A NURSE has accused Southampton hospital bosses of breaking their contract by cutting vital rehabilitation classes for heart patients.

Cheryl Harding, cardiac services' lead nurse for Southampton City Primary Care Trust, claims Southampton University Hospitals NHS Trust has already been paid to provide the classes which help people recover from cardiac problems.

Now PCT directors are in discussion with trust bosses to find out what has happened to the funding meant for the service.

But hospital chiefs say there is nothing in their contract which commits them to provide the classes.

Mrs Harding said: "We have had cardiac rehabilitation in the city for ten or 12 years and it has always been provided by Southampton's hospitals.

"Now they have just decided that it is not something Southampton General Hospital should be doing. They have broken their contract with the city."

The Daily Echo revealed earlier this month how the eight-week cardiac classes, held at leisure centres around Southampton and the Waterside, were being axed by health chiefs who run Southampton's hospitals, as part of a multi-million pound cost-cutting drive.

Hospital bosses say the move will save £20,000 - a fraction of their £15m target.

But heart patients from across the city insist that axing the classes will cost much more in the long-run because, without proper aftercare, dozens of people could end up back in hospital.

In a Daily Echo-backed campaign they are calling for the reinstatement of the service. Mrs Harding claims the trust had no right to stop it in the first place.

"They are under a contracted obligation to provide services for the PCT. This goes against that contract."

As a main provider of healthcare services the trust is paid by the primary care trust, which gets its funding from the government.

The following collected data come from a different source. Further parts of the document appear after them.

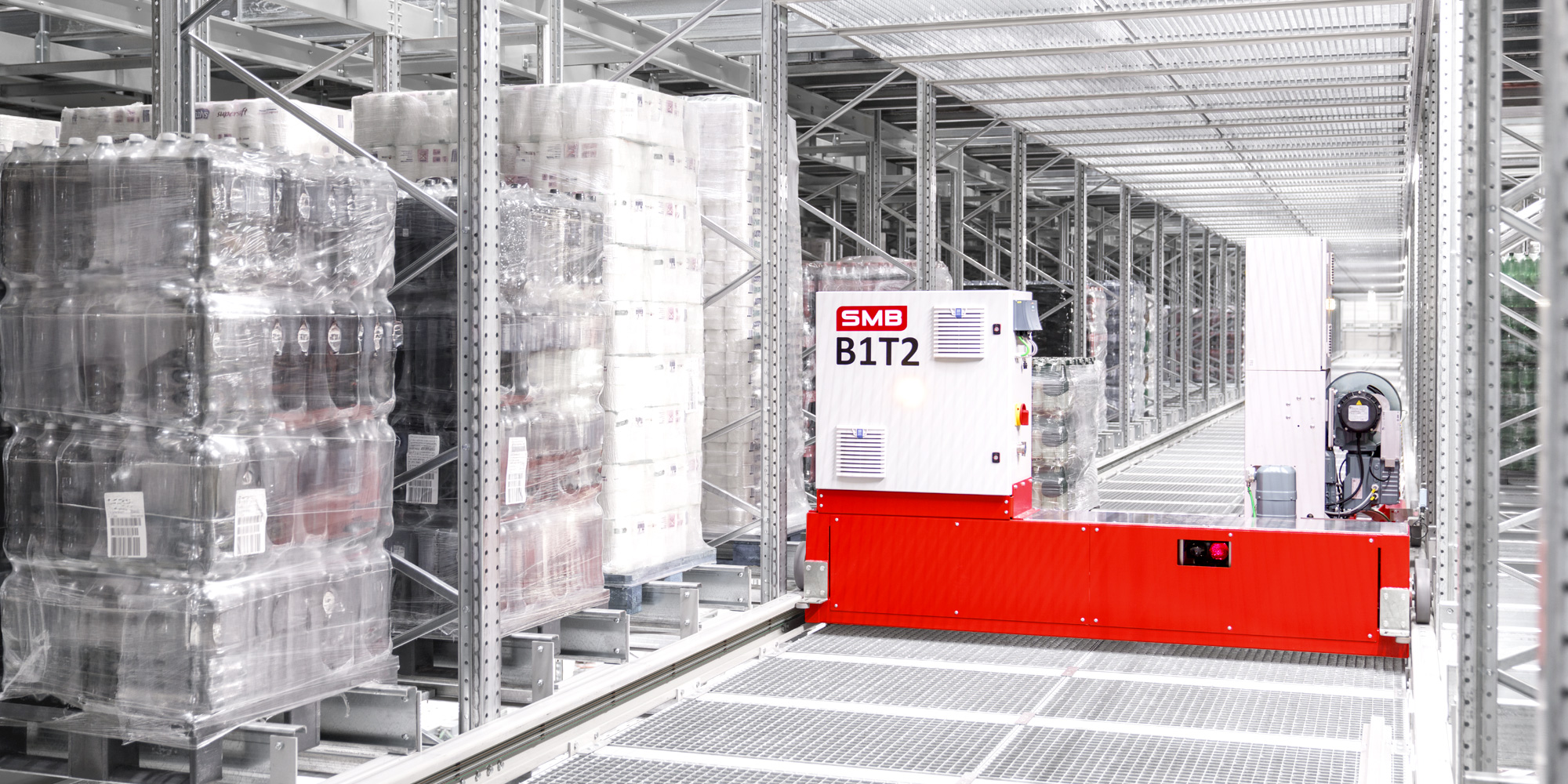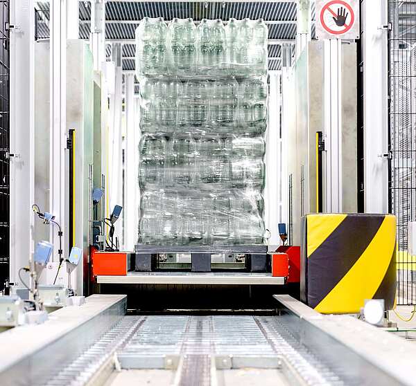The system processes pallets fully automatically – without changeovers, external pallet stacker or separate storage areas. Precisely programmed acceleration and braking profiles prevent the load from slipping. In the goods issue area, the pallets are ready and sorted by order, enabling store-specific picking of beverage containers, fast-moving items or promotional goods, while at the same time minimising the risk of incorrect deliveries.
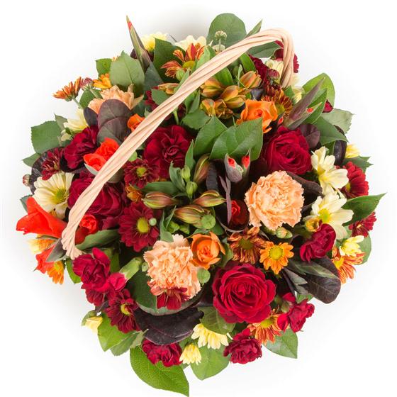 A rich mix of deep reds, rusts and golds. Including roses, spray carnations, alstromeria and chrysanthemums.
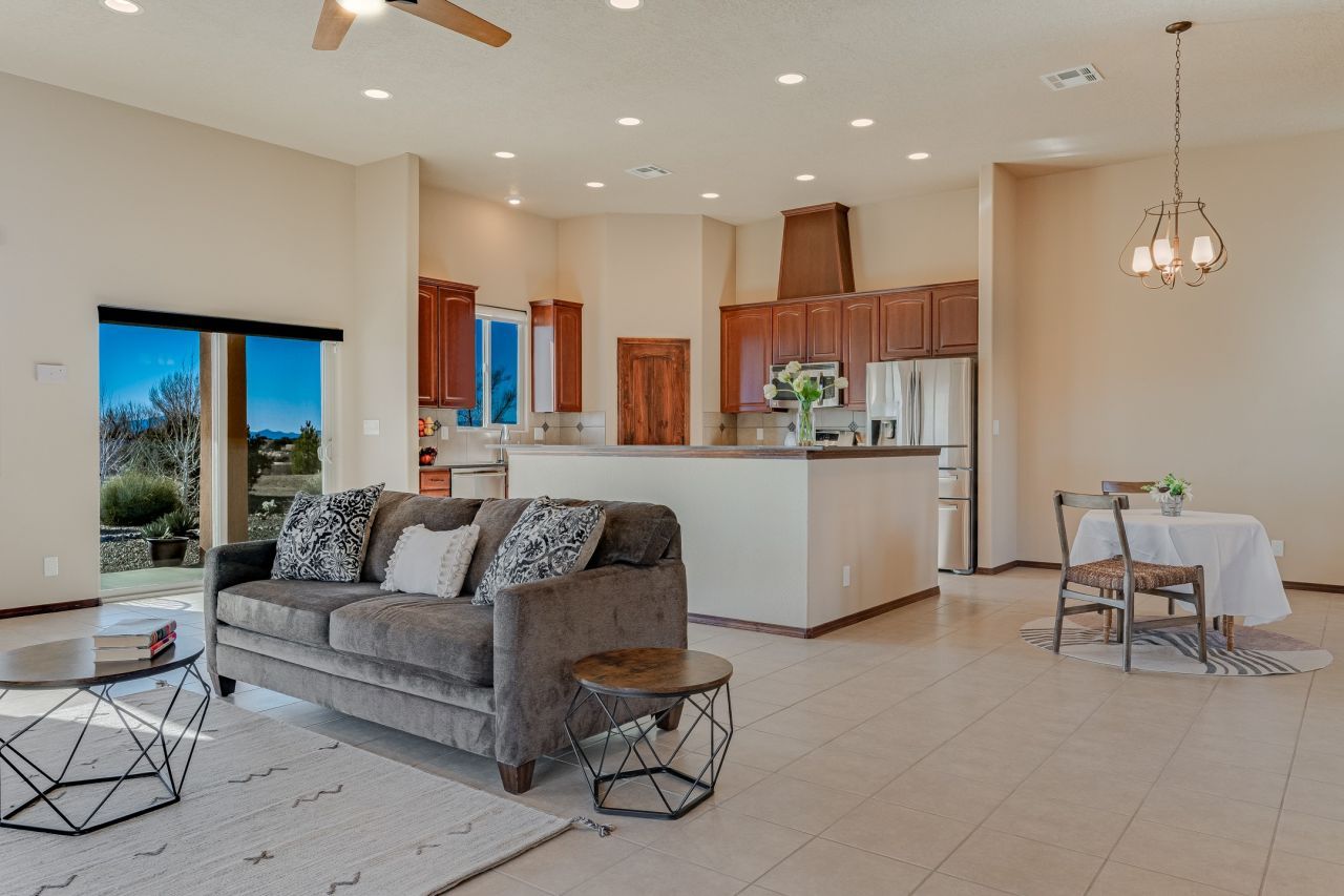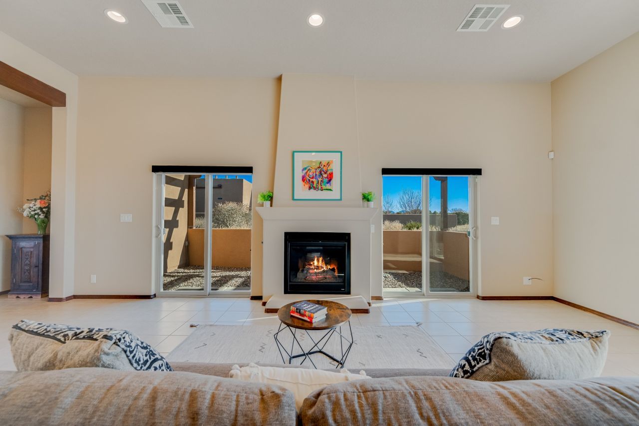 BEST VALUE in La Pradera! This thoughtfully designed three-bedroom, two-bathroom home offers space, comfort, and elegance in a peaceful neighborhood that is both easy to live in and commute from. The single-level home spans +/- 2000 square feet and includes a 200+ sqft attached studio (the converted third garage bay)?ideal as a fourth bedroom, office, or creative space. A bright living room with a cozy fireplace invites relaxation, while the modern kitchen features stainless steel appliances, stone counters, and ample space for cooking and entertaining. High ceilings, recessed lighting, and tile flooring enhance the open layout. The primary bedroom is complemented by an en-suite bathroom with double vanities, soaking tub with separate shower, and a generous walk-in closet. Two additional bedrooms provide flexibility for family or remote work. Located in the back of the development with views of green space and close to walking trails, your private outdoor space will feel limitless. Mature landscaping, the covered back portal and large side pergola combine to offer space for gatherings, gardening, or quiet moments. Other features include an attached 2-car garage, central AC and heat, and a roof with transferable warranty. Located near the Dinosaur Trail Trailhead and close to local supermarkets and healthcare, this home combines practical living with Santa Fe charm.
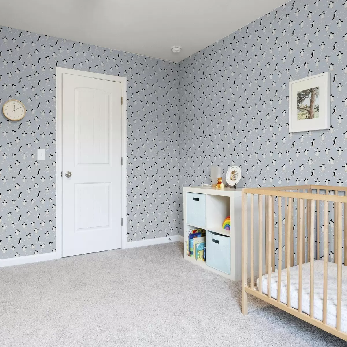 Tapeta Pingvini na svetlo modri podlagi, ritem stopinj Št. a00655v2
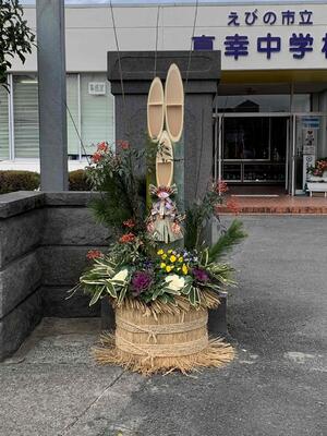 12月16日(金曜日)に、PTA役員の皆様に門松をつくっていただきました。当初は17日(土曜日)に環境整備部の皆様とつくる予定でしたが、天候不良が予測されたので、急遽代表の方のみでつくりました。
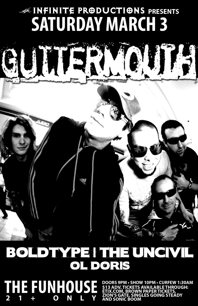 Guttermouth, The Uncivil, Boldtype, Ol' Doris @ The Funhouse Mar 3 2012 - Feb 11th @ The Funhouse
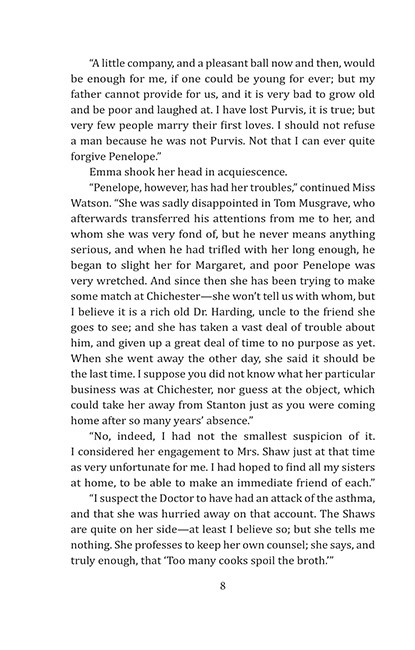 Мистер Вотсон — овдовевший священник, у которого двое сыновей и четыре дочери. Младшая дочь, Эмма, героиня повести, воспитывалась у состоятельной тётки и получила лучшее образование, чем сёстры. После того как тётка вышла замуж, Эмма была вынуждена вернуться в дом отца. Она поражена легкомысленной охотой за мужьями её старших сестёр, Пенелопы и Маргарет. Эмма знакомится с соседями Вотсонов — лордом Осборном и мистером Ховардом.

The trust is then contractually obliged to provide the services for which it has been paid.

"We have bought this service on behalf of our patients because it is part of the established care package for patients," said Mrs Harding.

"Within that care package there would be a programme of rehabilitation."

She added that the matter was being dealt with by the PCT "at the highest level".

Robbie Burns, acting clinical services manager for Southampton's NHS trust, told the Daily Echo that the cardiac classes were not listed explicitly within the trust's contract with the PCT.

"I can assure you this service is not outlined within the contract as being provided," he said.